EXERCISE INPUT –
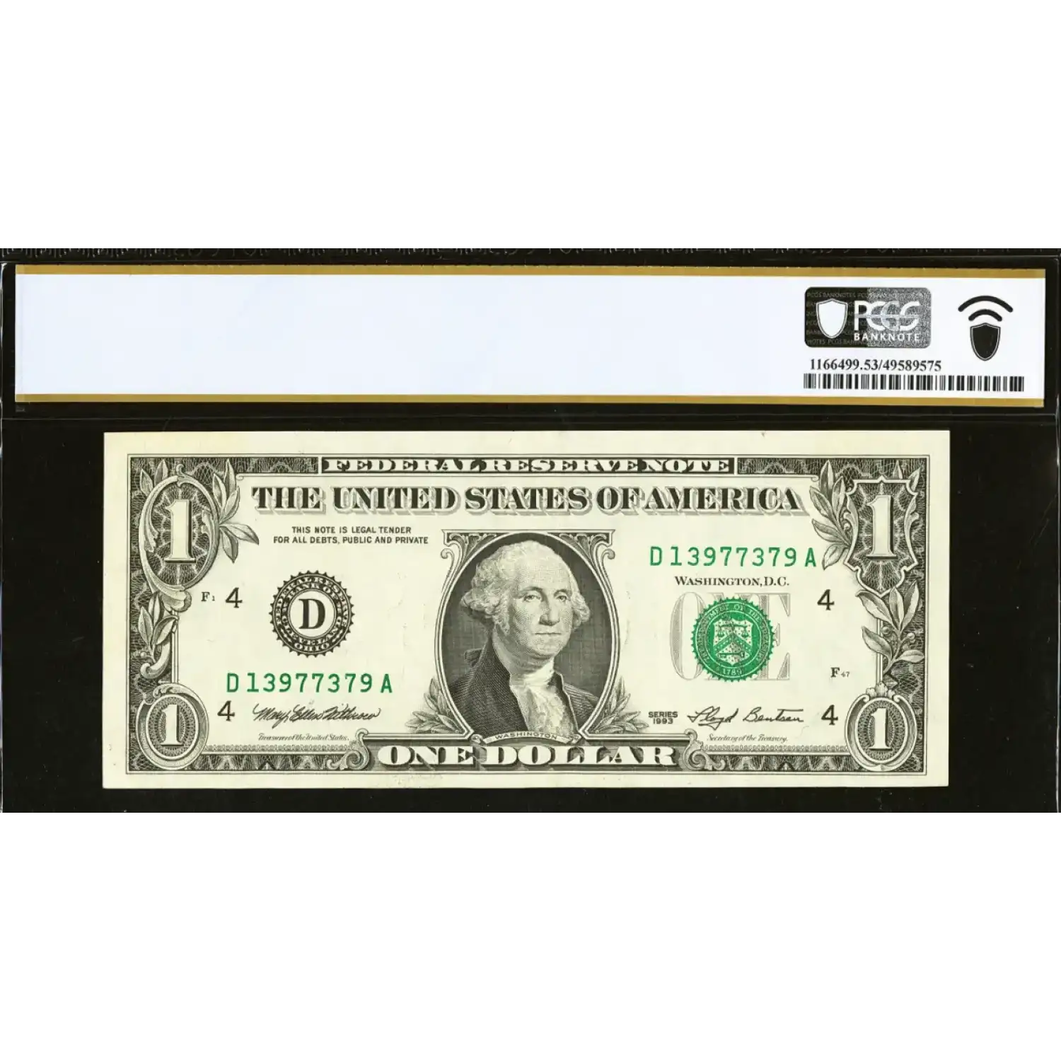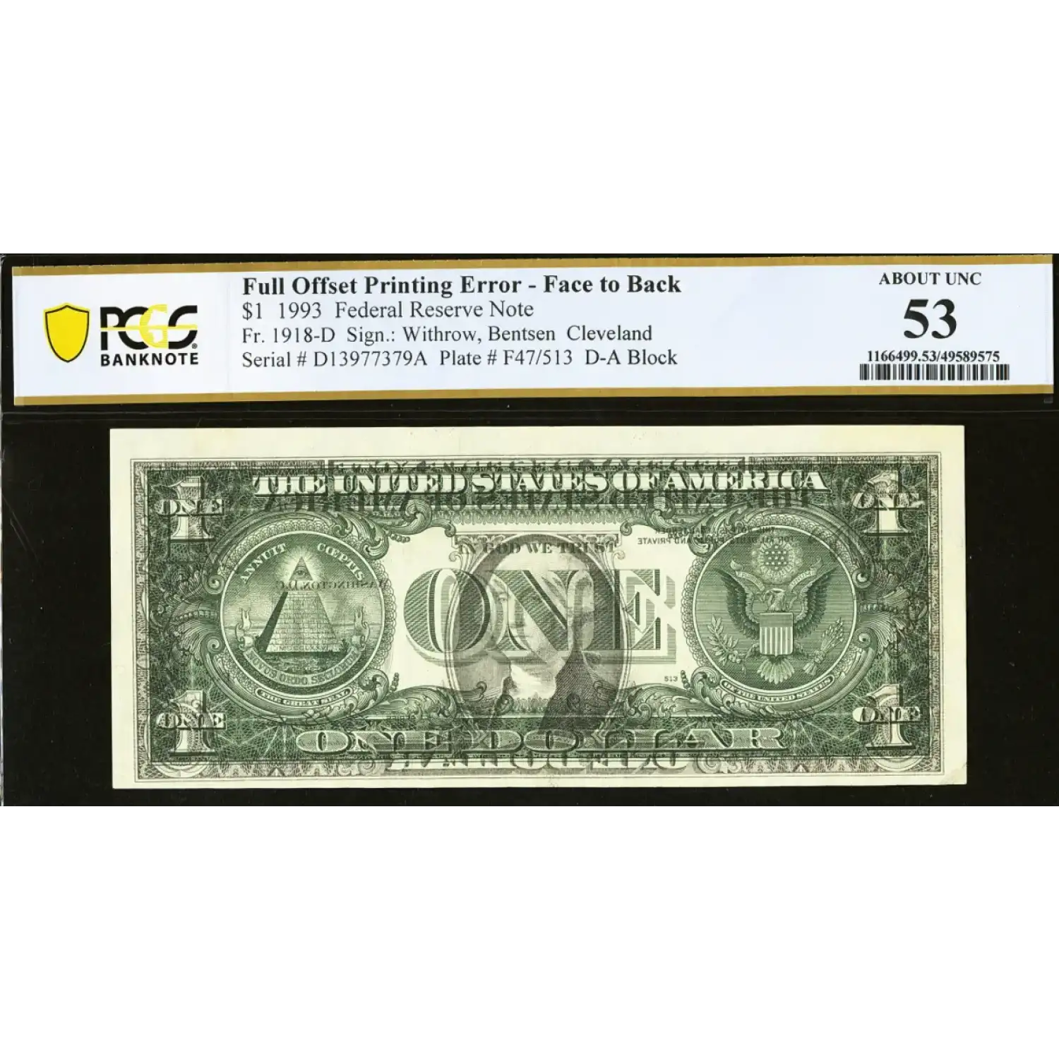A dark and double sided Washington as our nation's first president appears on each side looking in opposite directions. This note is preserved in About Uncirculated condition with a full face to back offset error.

==

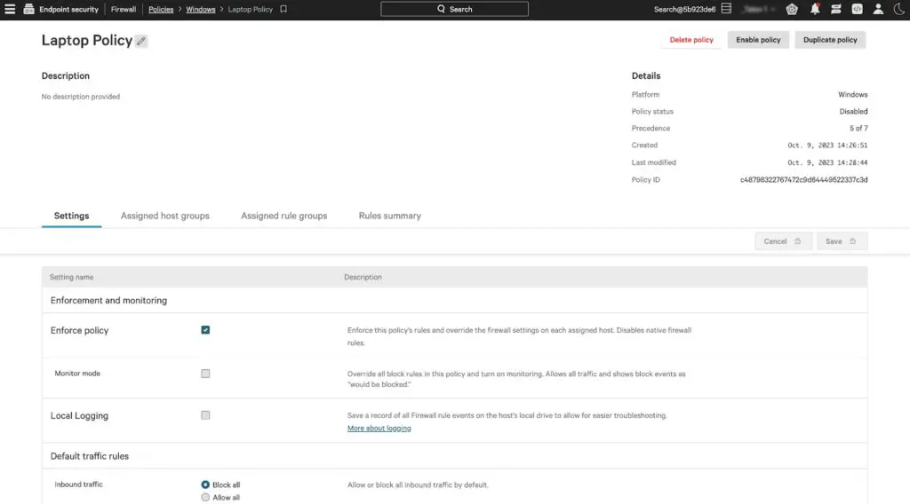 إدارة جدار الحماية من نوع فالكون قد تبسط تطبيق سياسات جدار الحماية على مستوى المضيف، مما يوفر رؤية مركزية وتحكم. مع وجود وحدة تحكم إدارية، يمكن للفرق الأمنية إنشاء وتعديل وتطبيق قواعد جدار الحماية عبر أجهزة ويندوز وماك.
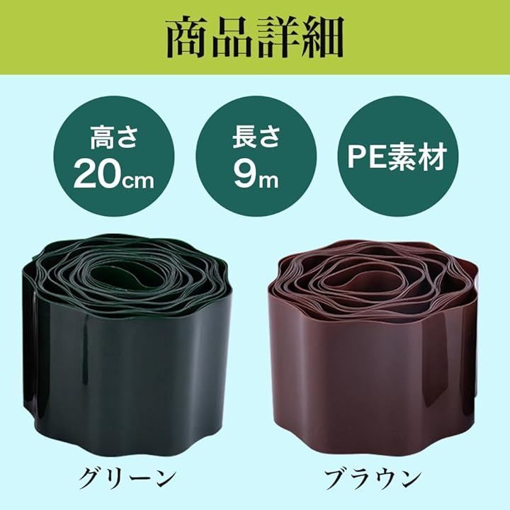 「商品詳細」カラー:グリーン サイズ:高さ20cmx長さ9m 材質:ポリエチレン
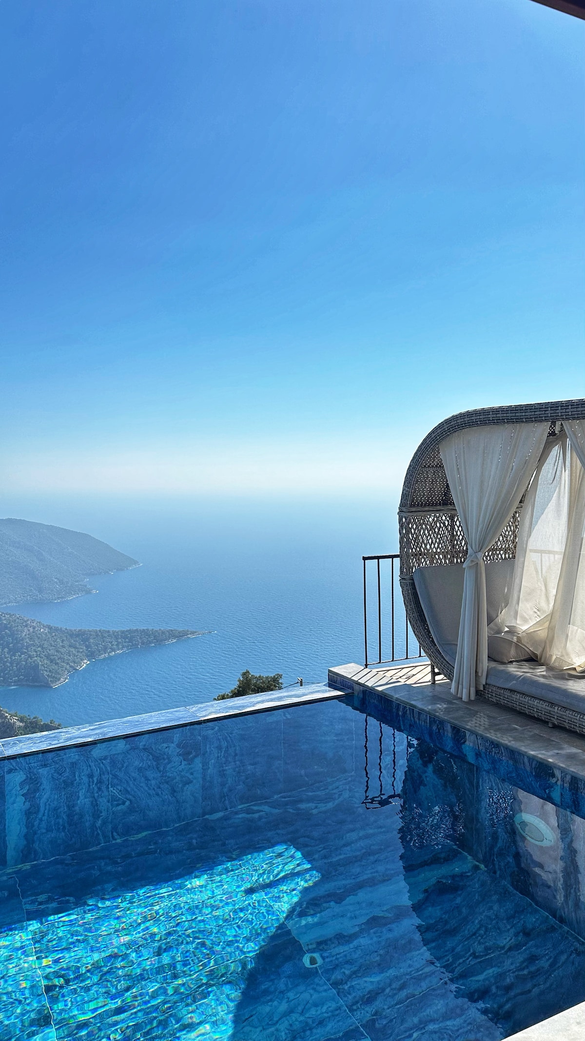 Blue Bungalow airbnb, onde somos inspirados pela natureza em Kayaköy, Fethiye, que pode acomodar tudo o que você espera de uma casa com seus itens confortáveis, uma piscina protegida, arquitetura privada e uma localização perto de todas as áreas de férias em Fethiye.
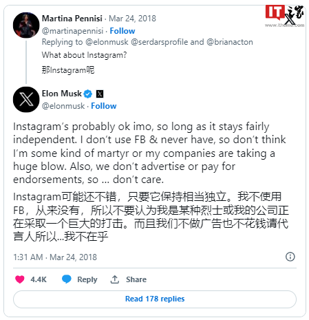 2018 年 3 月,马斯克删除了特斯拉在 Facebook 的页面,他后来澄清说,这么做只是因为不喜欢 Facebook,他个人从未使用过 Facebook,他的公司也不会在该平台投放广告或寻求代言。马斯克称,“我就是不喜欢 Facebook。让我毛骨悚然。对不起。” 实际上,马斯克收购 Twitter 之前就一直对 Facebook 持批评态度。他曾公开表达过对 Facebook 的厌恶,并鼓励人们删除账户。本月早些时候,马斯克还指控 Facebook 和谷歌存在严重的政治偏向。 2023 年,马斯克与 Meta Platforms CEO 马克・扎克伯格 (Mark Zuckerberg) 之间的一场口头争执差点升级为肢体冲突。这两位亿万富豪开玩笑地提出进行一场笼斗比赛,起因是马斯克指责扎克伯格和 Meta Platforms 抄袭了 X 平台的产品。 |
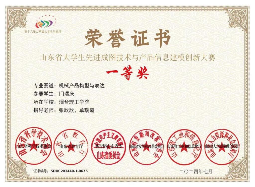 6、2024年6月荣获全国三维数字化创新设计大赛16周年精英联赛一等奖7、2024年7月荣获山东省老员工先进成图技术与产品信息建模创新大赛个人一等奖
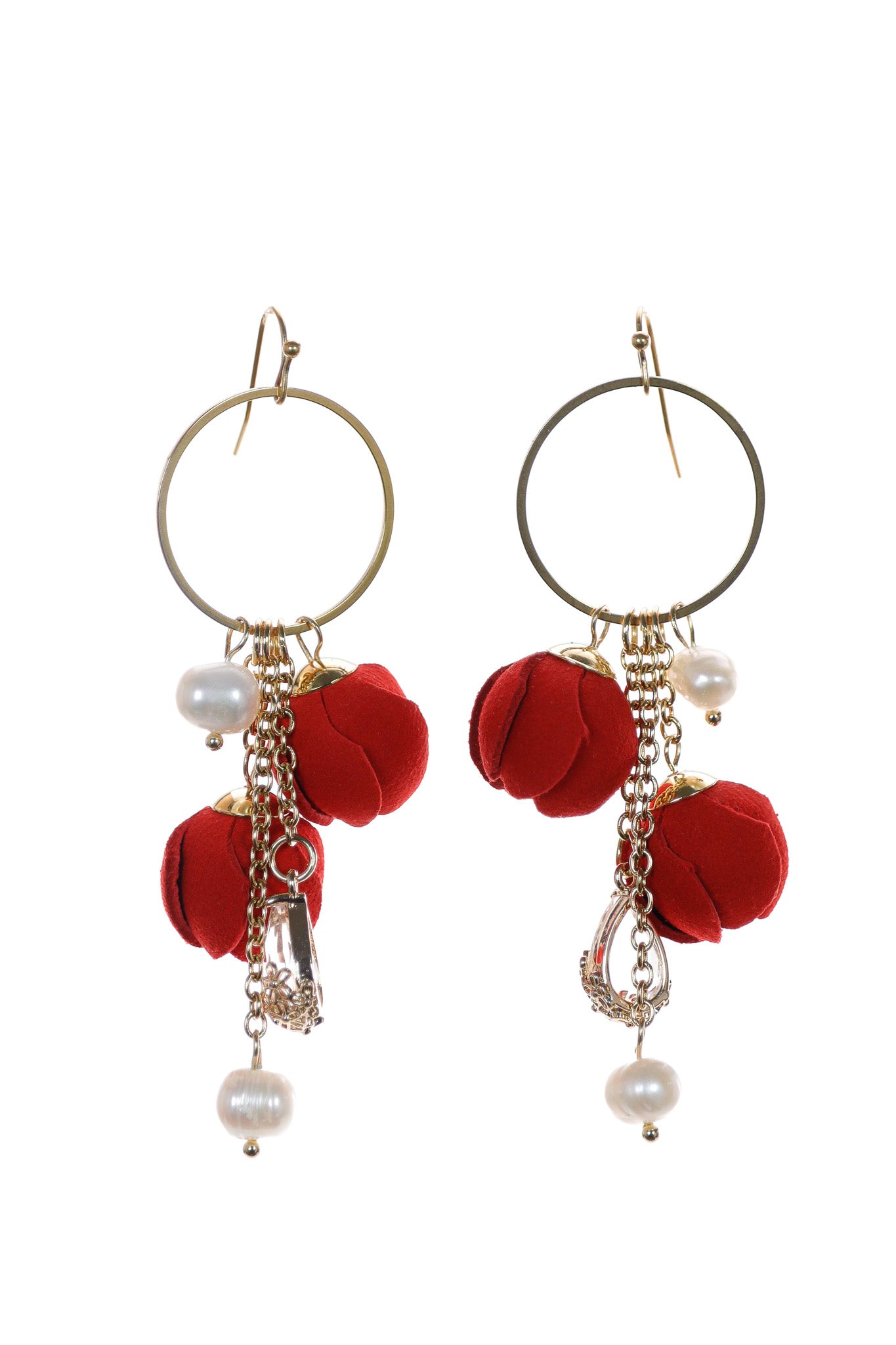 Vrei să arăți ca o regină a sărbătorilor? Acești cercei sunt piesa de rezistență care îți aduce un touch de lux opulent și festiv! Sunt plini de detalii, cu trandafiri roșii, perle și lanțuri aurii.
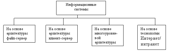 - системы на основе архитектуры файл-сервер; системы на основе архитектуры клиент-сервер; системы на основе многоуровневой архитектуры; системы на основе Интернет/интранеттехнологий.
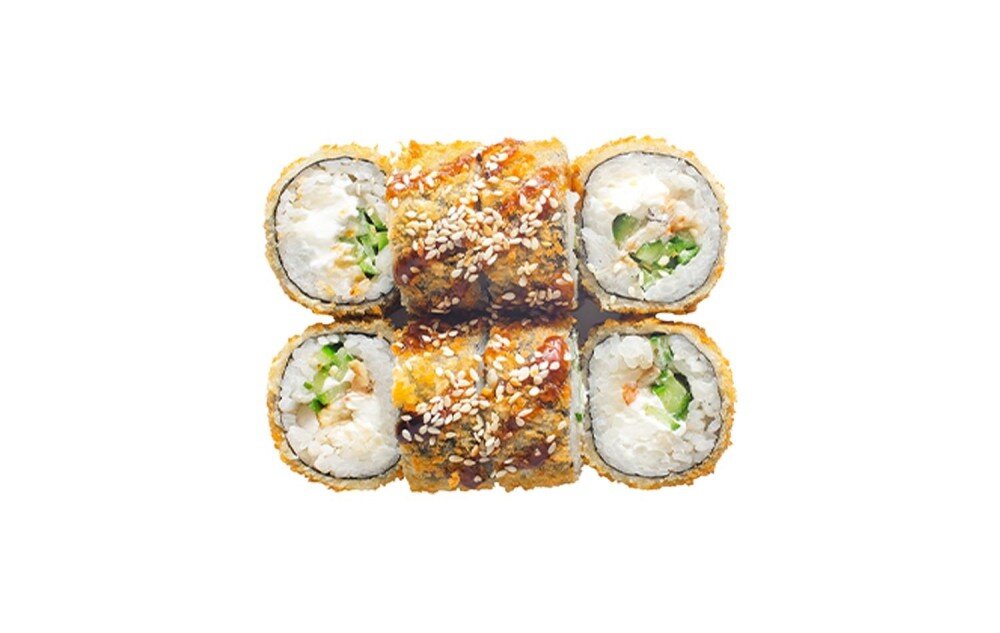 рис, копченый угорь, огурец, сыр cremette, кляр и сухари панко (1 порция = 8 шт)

YOUR GOAL – Above are the records; copy from them only the lines starting at the one containing "- системы на" and ending at the one containing "рис, копченый угорь, огурец, сыр", exactly and without pictures.

EXPECTED OUTPUT –
 - системы на основе архитектуры файл-сервер; системы на основе архитектуры клиент-сервер; системы на основе многоуровневой архитектуры; системы на основе Интернет/интранеттехнологий.
 рис, копченый угорь, огурец, сыр cremette, кляр и сухари панко (1 порция = 8 шт)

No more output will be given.